The Mohs procedure has been used since the 1930s to remove cancerous lesions while leaving the healthy surrounding tissue unharmed. Dr. Douglas Blose has been helping patients with skin cancer find positive outcomes for many years. As with most cancers, the earlier skin cancer is detected, the better it can be treated. Patients also often prefer the Mohs treatment because it is minimally invasive, requiring only a local anesthetic.

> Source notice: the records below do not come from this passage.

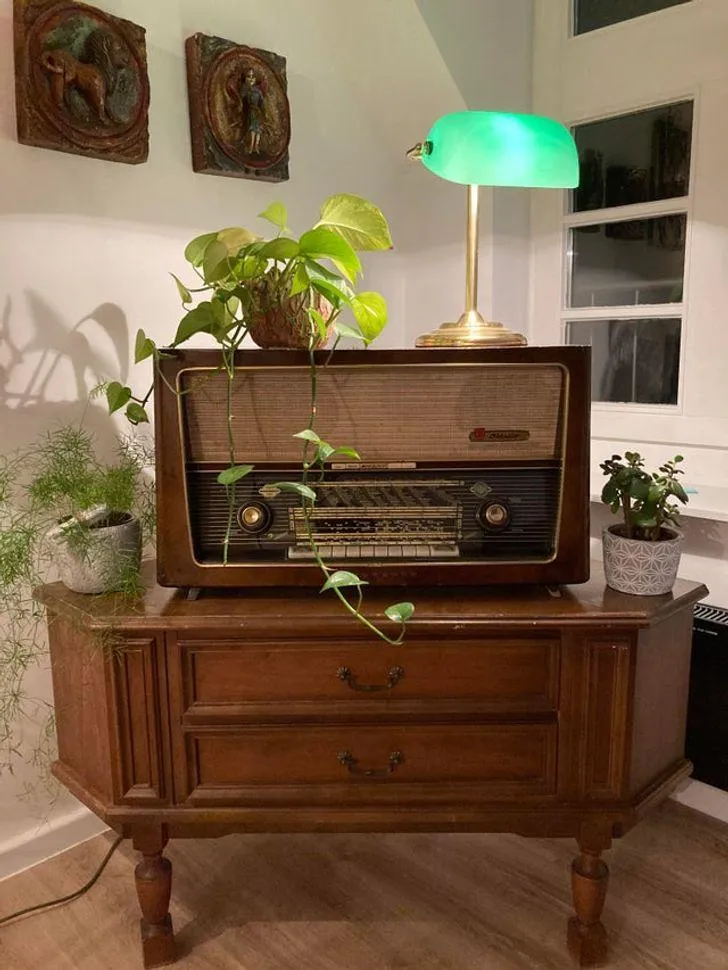 "Моя старовинна лампа стоїть на старому радіо, що стоїть старому комоді"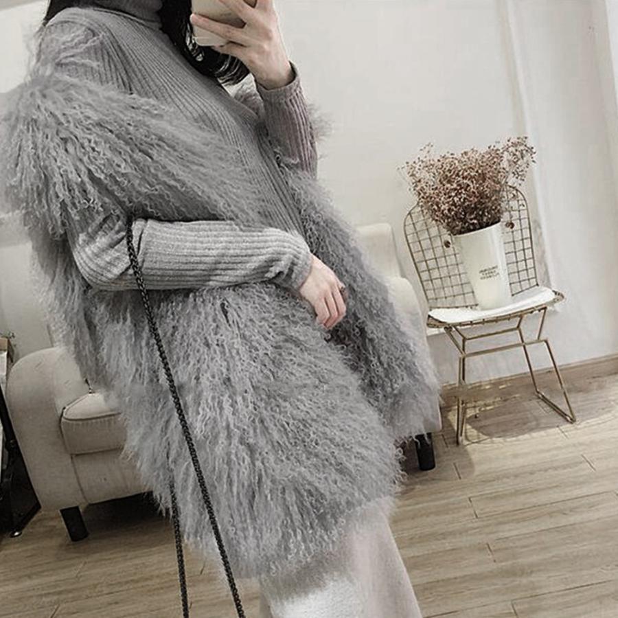 毛足が長くカールしているのが特徴的な暖かみのあるフェイクファー、ボリュームたっぷりのが大人可愛く着こなせる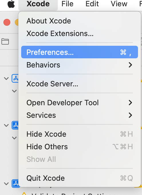 1. Xcode -> Preferences 접근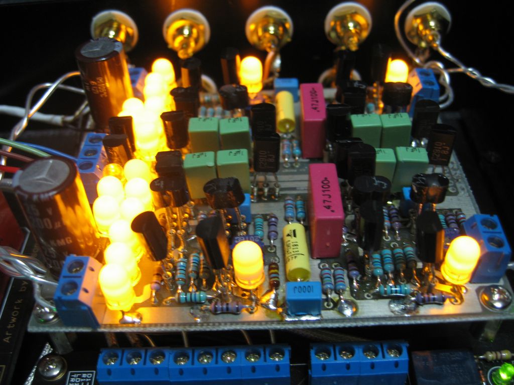 これがプリアンプ本体に組み込んだ状態です、かなり明るくくっきり見えます、明るいところでも十分な光量があります。スモークのパネルと相まってちょっとだけメーカー製の雰囲気です。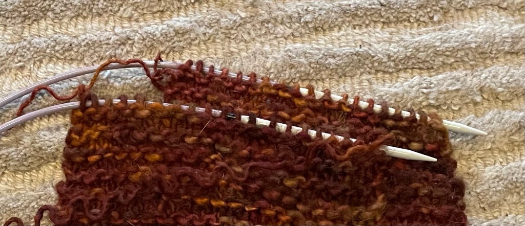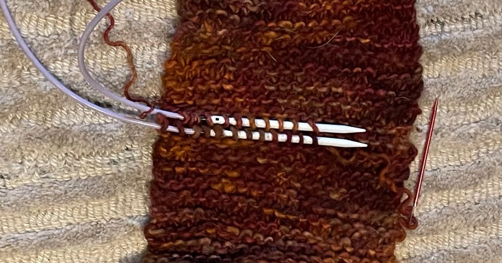 One of the these five cats ate Shelley’s scarf, probably the one that also likes to shred up toilet paper. Fixing the scarf was pretty easy. I ripped out about three rows rows of knitting that were damaged, and then grafted the two halves of the scarf back together using kitchener stitch. I had done kitchener stitch before, but on something that was knit in stockinette stitch (knit one row purl one row). This scarf was knit with garter stitch (knit every row). I was not sure if kitchener stitch was the same for garter stitch, but I found several youtube videos showing what to do. It was slightly different, so I am glad I checked.

The procedure begins with the application of the anesthetic. Once the treatment area is numbed, Dr. Blose removes all of the visible cancerous lesions and cells and a very small amount of the surrounding tissue. The surrounding tissue is removed so that it can be tested to determine if all the cancerous cells have been removed. If no cancer cells are foundi in the surrounding tissue, this portion of the procedure is over. If cells are found, then Dr. Blose will remove another small layer of tissue and have it examined. The process is repeated until the microscopic examination is negative for cancer cells.

Once the microscopic examination is negative and Dr. Blose and the patient feel confident that all of the lesions and cancer cells have been eliminated, the doctor and his team will repair and close the wound. The way the wound is repaired will depend on how much tissue was removed. For example, if there wasn’t much tissue removed, the area will be left alone. However, some cancer cell removals will require stitches or a skin graft to close the area. Finally, if a very large section of skin is removed, a reconstruction specialist may be needed.

Following the procedure, patients will be given instructions for how to care for the removal site and when to return for follow up care. Patients are also advised to take special care of the skin as it heals. It may be sensitive or itchy. If this becomes bothersome, Dr. Blose can offer advice about moisturizer or cream to make you more comfortable.